Work instructions: From the records below, please repeat exactly the line that has "Protective Case, Bottom", the line that has "There is a large", and every line between them, and nothing else.

Information supplied:
++++++++

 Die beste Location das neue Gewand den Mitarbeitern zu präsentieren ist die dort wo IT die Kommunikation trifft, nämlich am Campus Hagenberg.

++++++++

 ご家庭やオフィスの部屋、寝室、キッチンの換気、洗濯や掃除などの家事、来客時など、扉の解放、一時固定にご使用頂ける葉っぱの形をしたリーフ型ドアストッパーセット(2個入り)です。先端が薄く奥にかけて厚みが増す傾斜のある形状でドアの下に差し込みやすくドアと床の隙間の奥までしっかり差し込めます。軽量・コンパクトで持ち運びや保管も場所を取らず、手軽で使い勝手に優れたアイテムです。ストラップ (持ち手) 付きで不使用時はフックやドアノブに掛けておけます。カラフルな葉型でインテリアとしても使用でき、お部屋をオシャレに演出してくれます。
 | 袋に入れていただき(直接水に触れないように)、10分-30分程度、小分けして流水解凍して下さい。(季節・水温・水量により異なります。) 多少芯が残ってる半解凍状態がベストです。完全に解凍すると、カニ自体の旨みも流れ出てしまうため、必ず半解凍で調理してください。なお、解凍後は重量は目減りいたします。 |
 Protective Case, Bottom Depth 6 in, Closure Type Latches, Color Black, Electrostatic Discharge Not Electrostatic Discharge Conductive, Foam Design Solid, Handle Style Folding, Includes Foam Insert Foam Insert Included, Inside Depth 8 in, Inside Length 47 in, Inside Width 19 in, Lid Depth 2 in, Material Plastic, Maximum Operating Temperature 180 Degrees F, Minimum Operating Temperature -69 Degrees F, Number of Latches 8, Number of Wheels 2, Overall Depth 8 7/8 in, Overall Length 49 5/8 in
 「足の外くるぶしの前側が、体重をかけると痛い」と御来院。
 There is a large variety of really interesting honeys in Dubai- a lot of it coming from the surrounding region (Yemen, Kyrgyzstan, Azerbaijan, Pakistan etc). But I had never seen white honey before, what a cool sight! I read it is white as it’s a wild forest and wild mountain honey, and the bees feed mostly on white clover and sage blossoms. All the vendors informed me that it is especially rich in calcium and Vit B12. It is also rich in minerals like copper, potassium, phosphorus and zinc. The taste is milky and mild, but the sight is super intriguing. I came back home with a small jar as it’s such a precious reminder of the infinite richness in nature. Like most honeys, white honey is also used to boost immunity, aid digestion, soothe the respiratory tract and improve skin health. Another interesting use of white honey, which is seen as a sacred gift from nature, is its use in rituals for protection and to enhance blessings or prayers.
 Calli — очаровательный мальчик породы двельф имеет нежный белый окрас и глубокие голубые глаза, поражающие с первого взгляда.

++++++++

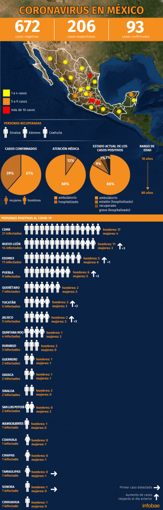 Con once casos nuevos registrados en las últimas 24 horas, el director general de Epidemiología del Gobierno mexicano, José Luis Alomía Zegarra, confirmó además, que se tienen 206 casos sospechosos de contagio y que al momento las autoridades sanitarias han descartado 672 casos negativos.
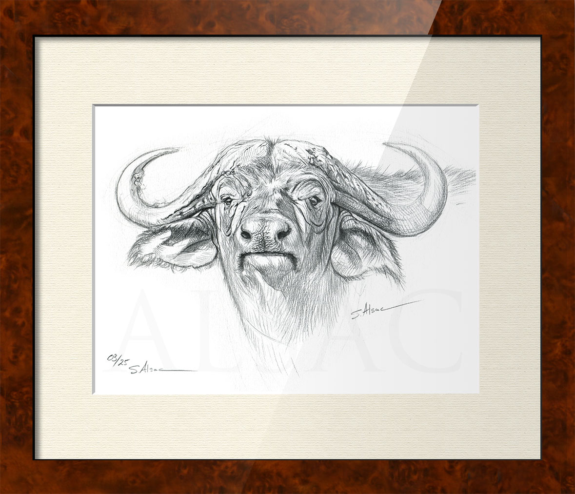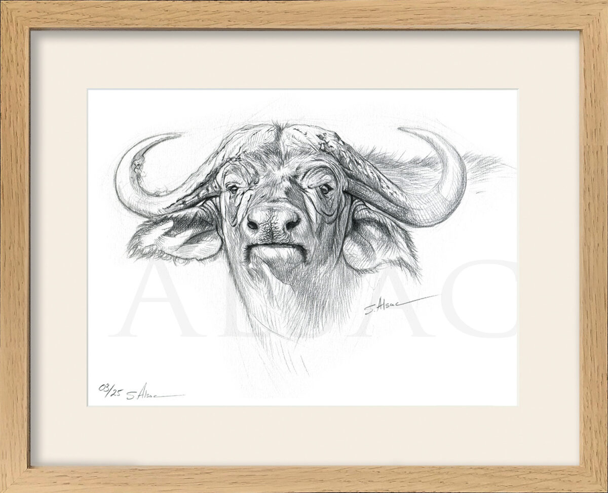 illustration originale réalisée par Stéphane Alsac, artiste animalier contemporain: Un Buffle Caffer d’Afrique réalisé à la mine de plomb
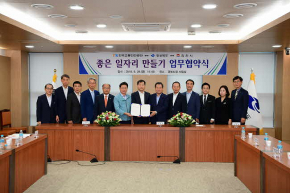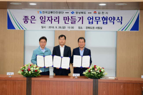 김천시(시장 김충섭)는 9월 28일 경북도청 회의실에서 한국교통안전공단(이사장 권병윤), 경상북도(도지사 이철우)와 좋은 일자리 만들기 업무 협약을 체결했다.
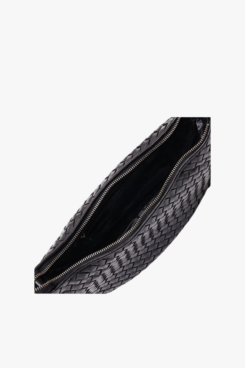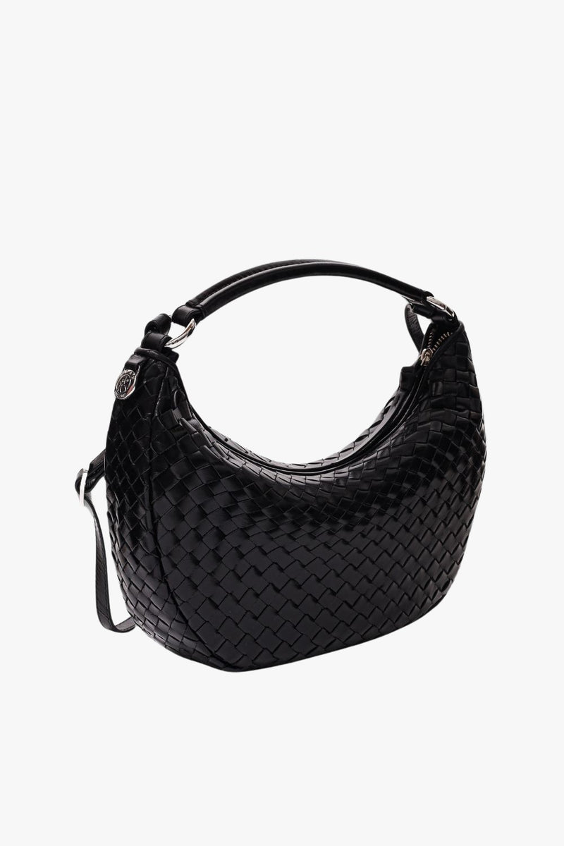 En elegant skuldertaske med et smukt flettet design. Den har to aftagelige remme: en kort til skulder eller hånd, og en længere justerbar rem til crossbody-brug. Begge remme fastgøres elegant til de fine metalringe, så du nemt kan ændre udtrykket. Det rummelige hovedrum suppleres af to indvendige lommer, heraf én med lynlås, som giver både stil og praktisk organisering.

++++++++

Written reply:
 Protective Case, Bottom Depth 6 in, Closure Type Latches, Color Black, Electrostatic Discharge Not Electrostatic Discharge Conductive, Foam Design Solid, Handle Style Folding, Includes Foam Insert Foam Insert Included, Inside Depth 8 in, Inside Length 47 in, Inside Width 19 in, Lid Depth 2 in, Material Plastic, Maximum Operating Temperature 180 Degrees F, Minimum Operating Temperature -69 Degrees F, Number of Latches 8, Number of Wheels 2, Overall Depth 8 7/8 in, Overall Length 49 5/8 in
 「足の外くるぶしの前側が、体重をかけると痛い」と御来院。
 There is a large variety of really interesting honeys in Dubai- a lot of it coming from the surrounding region (Yemen, Kyrgyzstan, Azerbaijan, Pakistan etc). But I had never seen white honey before, what a cool sight! I read it is white as it’s a wild forest and wild mountain honey, and the bees feed mostly on white clover and sage blossoms. All the vendors informed me that it is especially rich in calcium and Vit B12. It is also rich in minerals like copper, potassium, phosphorus and zinc. The taste is milky and mild, but the sight is super intriguing. I came back home with a small jar as it’s such a precious reminder of the infinite richness in nature. Like most honeys, white honey is also used to boost immunity, aid digestion, soothe the respiratory tract and improve skin health. Another interesting use of white honey, which is seen as a sacred gift from nature, is its use in rituals for protection and to enhance blessings or prayers.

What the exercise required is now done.